Назойливо лезли в глаза синие звезды цикория, спина ощущала упорный и почти обжигающий взгляд Нилихи.

Я поднял голову – и увидел, что иду снова к своему дому. Солнце раскаленной вспышкой ударило по глазам; я невольно зажмурил их и некоторое время шел вслепую, отгоняя от себя желание вот таким манером испытать судьбу: перейти дорогу. Услужливо сработало воображение: я увидел свое окровавленное тело, кувырком летящее по асфальту, пронзительный захлебывающийся крик Тони, скрежет тормозов; вот она бежит к дороге, падает, встает, снова бежит, в светлых глазах – ужас… И только Нилиха по-прежнему мертво сидит на своем троне, в ее глазах – насмешка: она все знала, все предвидела…

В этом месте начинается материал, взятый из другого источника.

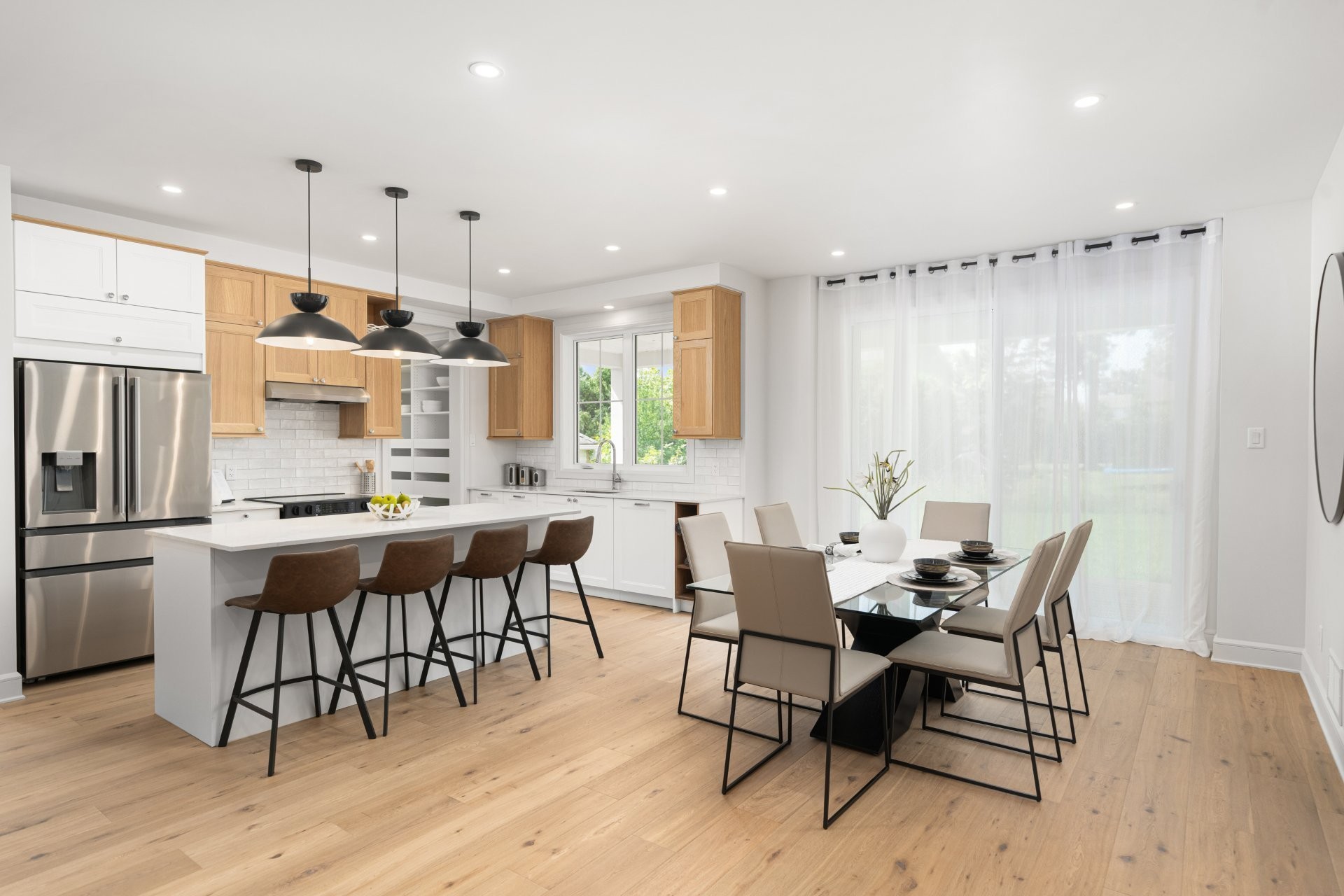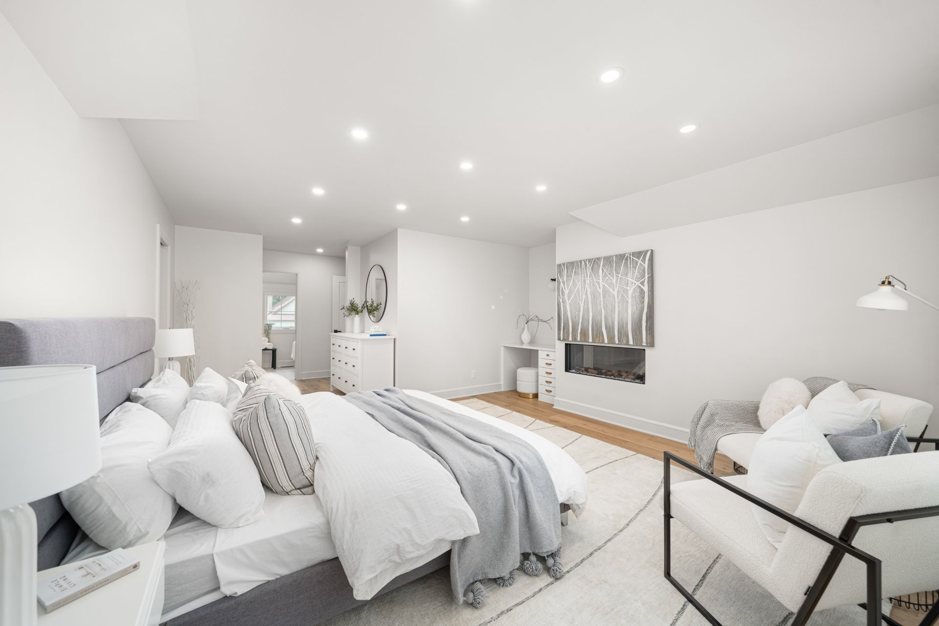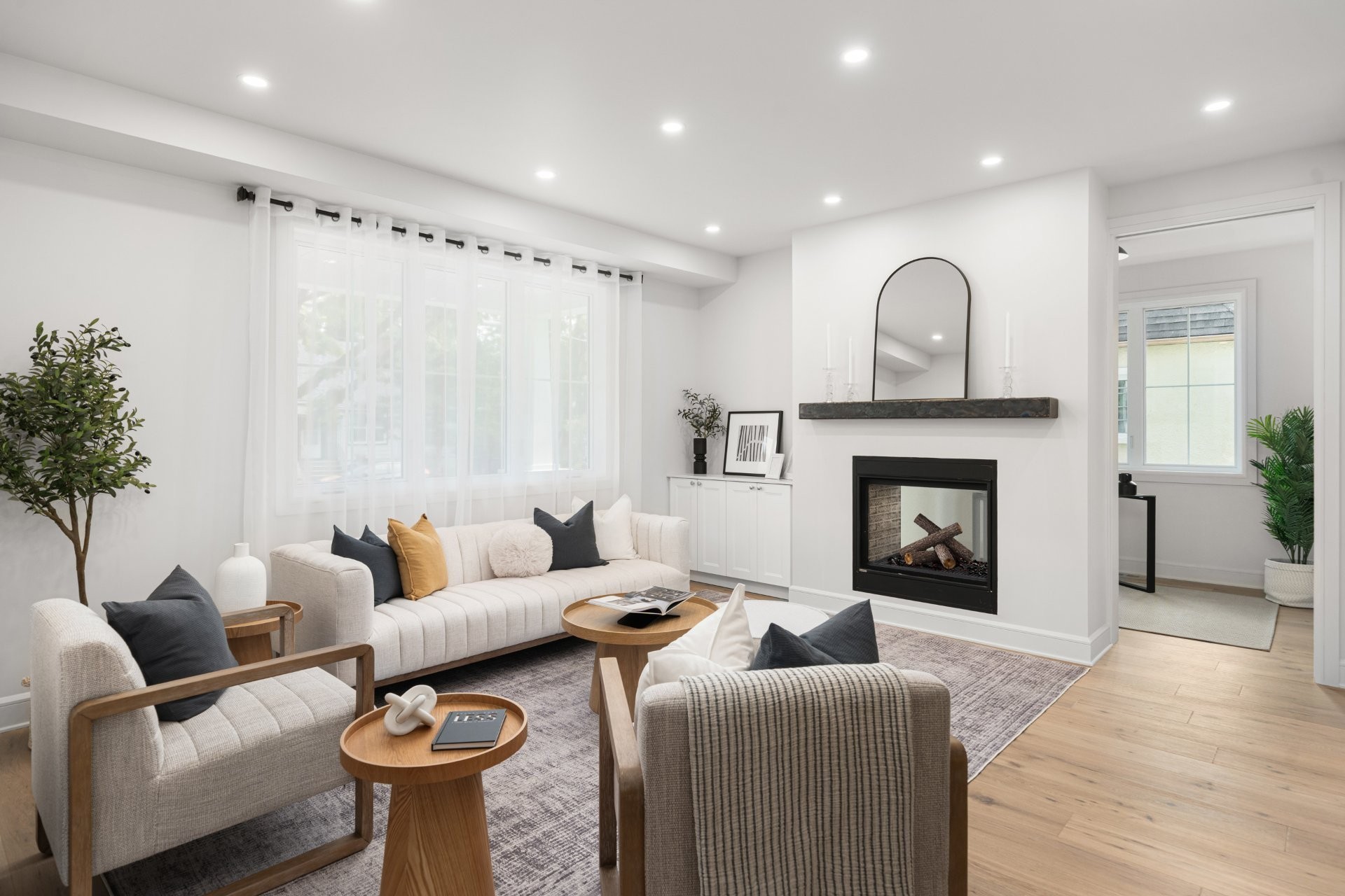 The main floor features a bright open-concept layout with wide-plank hardwood floors and premium finishes throughout. A gourmet kitchen with quartz countertops, large island, wine station, and walk-in pantry with custom built-ins opens onto the dining area and a covered wooden patio overlooking the expansive backyard. The living room, complete with a double-sided gas fireplace shared with the home office, creates a warm and inviting atmosphere. A practical mudroom with access to both the backyard and the double garage adds everyday convenience.
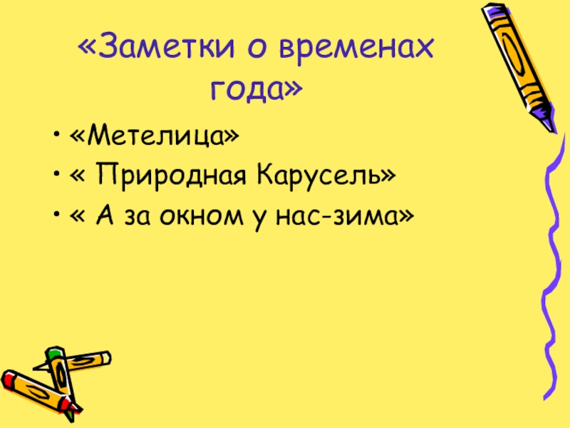 «Заметки о временах года»«Метелица»« Природная Карусель»« А за окном у нас-зима»
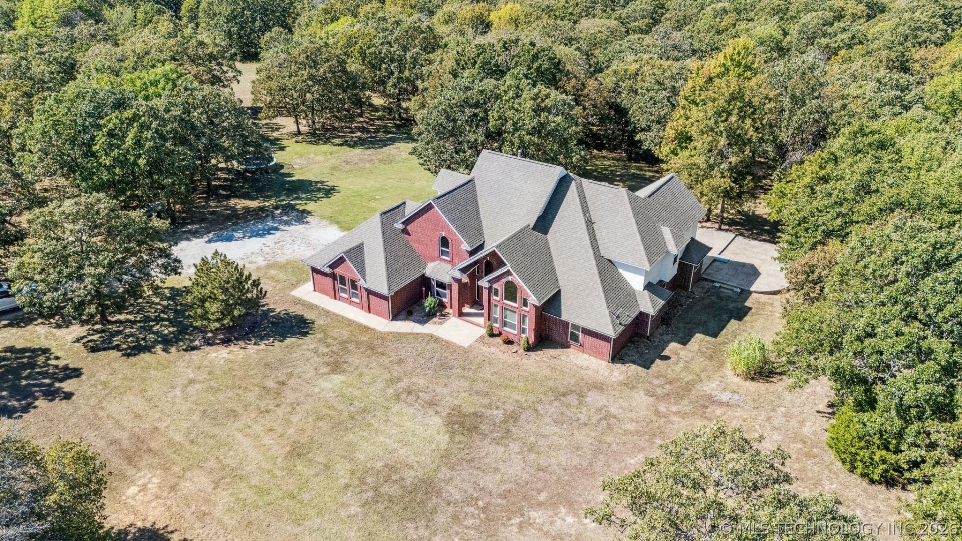 Enjoy peace, privacy, and space in this stunning 5-bedroom, 4.5-bath full brick home nestled among mature trees on a 2.48-acre lot. The FRESHLY PAINTED open floor plan features soaring ceilings, oversized windows, and abundant natural light throughout. The spacious kitchen impresses with high ceilings, generous cabinetry, and an easy flow into the living and dining areas which are perfect for entertaining. A large concrete patio extends your living space outdoors, ideal for gatherings or quiet evenings surrounded by nature. Three bedrooms offer private en-suite baths, providing comfort and convenience for family or guests. Additional highlights include a dedicated office with built-in bookcase, a bonus room downstairs, and a formal dining area for special occasions. Located just minutes from Skiatook and beautiful Skiatook Lake, this home offers the perfect blend of tranquility and accessibility.
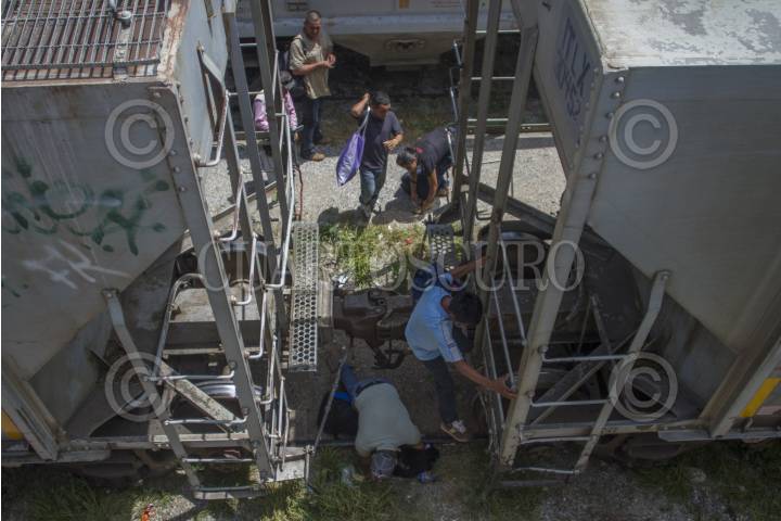 ARRIAGA, CHIAPAS, 16JULIO2014.- Cientos de migrantes, abordan el tren en la estación de Arriaga con destino a la frontera norte del país. FOTO: ENRIQUE ORDÓÑEZ /CUARTOSCURO.COM
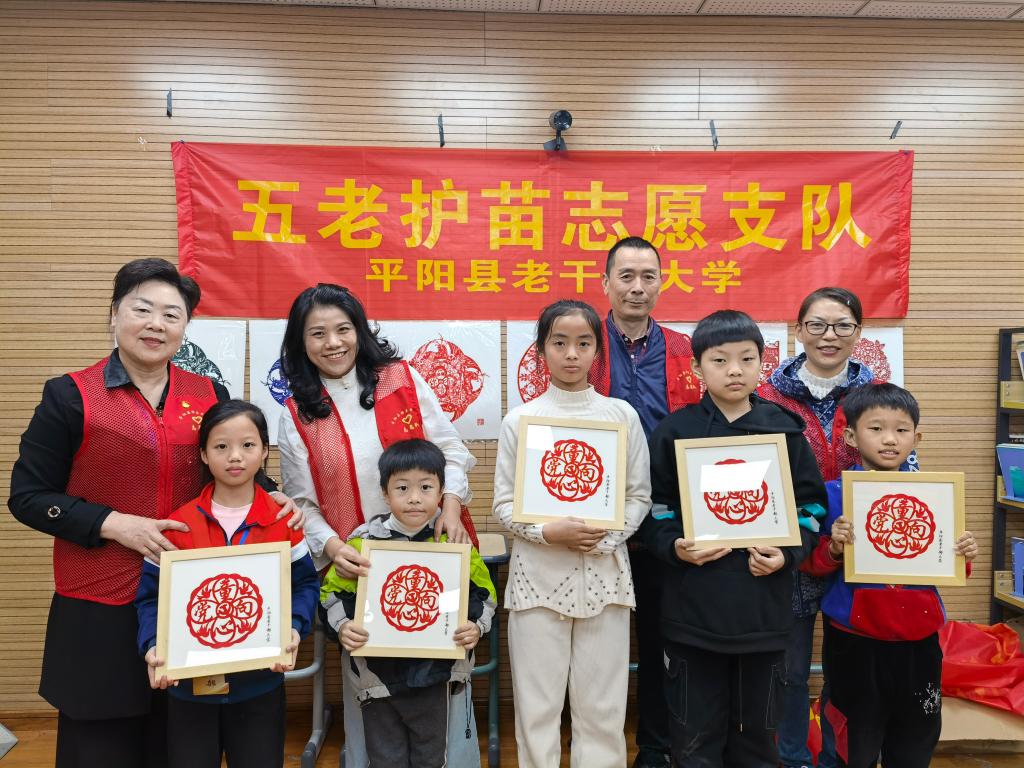 近日,sunbet申愽官网退休干部瞿亚平跟随平阳县老干部大学“五老”护苗志愿支队走进顺溪镇中心小学,开展“童学二十大 童心永向党”党的二十大精神宣讲暨省非遗“平阳太平钿剪纸”传承活动,带领孩子们体验非物质文化遗产的独特魅力。

Но здравый смысл все же победил. Я открыл глаза. До кромки трассы оставалось два метра. Из-за поворота вылетела легковая машина. Через три секунды она пролетела мимо меня, ударная волна ветра хлестнула по щекам.

Весь день я прожил со смутой в душе. Когда солнце оказалось в зените и припекать стало так сильно, что рубашка становилась мокрой от испарений тела, я двинул на речку. Там увидел Пятака с ребятами. Они сидели на дне неглубокого песчаного котлована и резались в «козла»: Косырь, показывая обломки гнилых зубов, так и ел глазами партнера, по-видимому, подсказывая ему, с какой карты лучше всего зайти; Пончик, поджав ноги, как турок, от волнения то и дело сплевывал, а тощий Гном то вскакивал, то садился; Пятак полулежал, лениво глядел не на карты, а на зеленые речные волны, но глаза его все-таки немного косили в сторону чужих карт. Тут же гоношилась мелкота, поджидая, когда достанется окурок сигареты. Я подошел, поздоровался. Пятак лениво шевельнул круглыми желтыми глазами, выдавил из себя: «Здорово!», остальные буркнули что-то нечленораздельное.

Берег Мокши в этом месте выделялся пологим спуском, здесь стояли лодки; дно у берега, где была купальня, устилал ровный песок – в выходные жаркие дни здесь собиралась вся деревня.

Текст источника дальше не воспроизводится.